> Requirement
Below are records with pictures; copy word for word only the lines between the line with "11月18日消息,伊利股份主" and the line with "Электрочайник Rombica KE-0002, 2200Вт, 1,7л, нержавеющая", inclusive, and drop the pictures.
+++ Task data
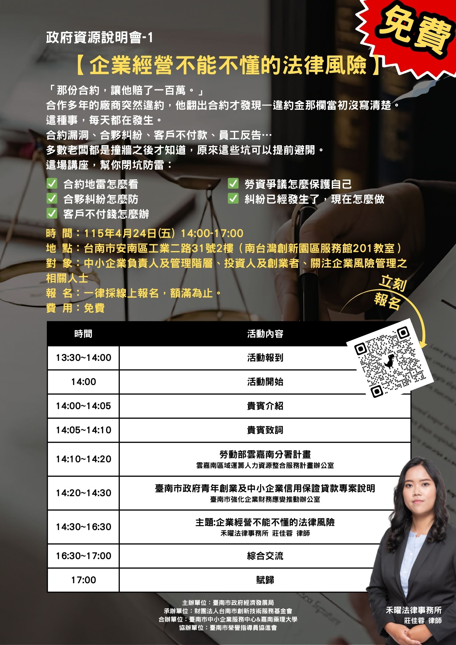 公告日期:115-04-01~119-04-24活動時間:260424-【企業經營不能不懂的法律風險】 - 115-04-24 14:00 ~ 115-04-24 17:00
++++++
+++ Task data
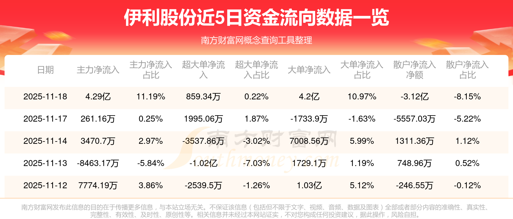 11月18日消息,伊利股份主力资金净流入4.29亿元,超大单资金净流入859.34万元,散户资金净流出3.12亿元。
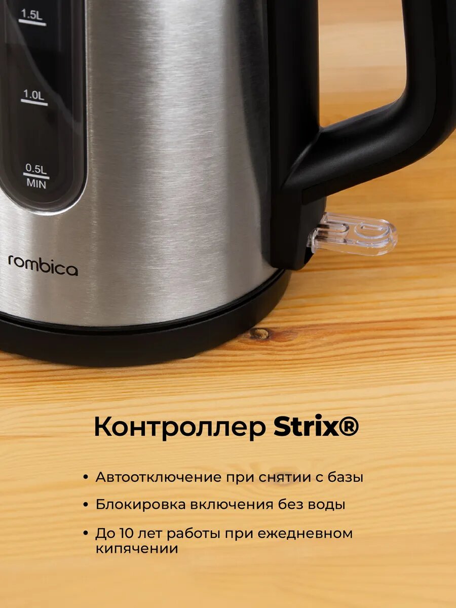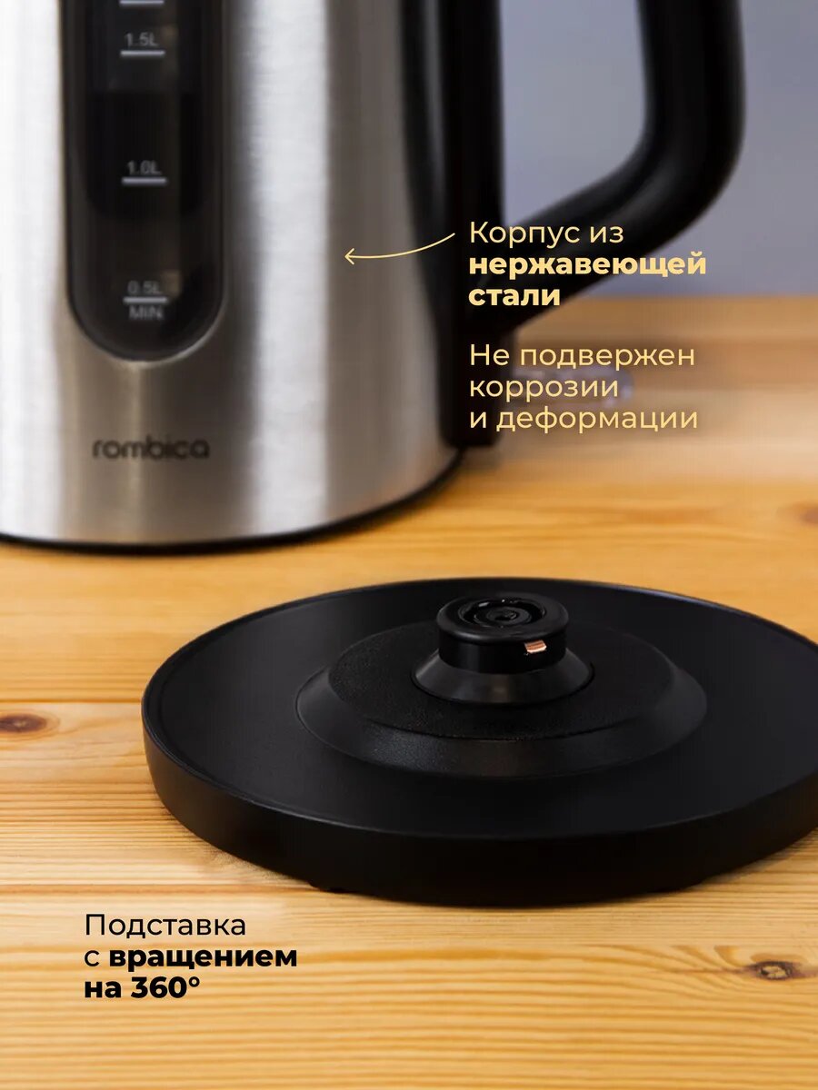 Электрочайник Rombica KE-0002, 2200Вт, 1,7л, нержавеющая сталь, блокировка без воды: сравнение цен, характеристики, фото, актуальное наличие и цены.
++++++
> Answer box
 11月18日消息,伊利股份主力资金净流入4.29亿元,超大单资金净流入859.34万元,散户资金净流出3.12亿元。
 Электрочайник Rombica KE-0002, 2200Вт, 1,7л, нержавеющая сталь, блокировка без воды: сравнение цен, характеристики, фото, актуальное наличие и цены.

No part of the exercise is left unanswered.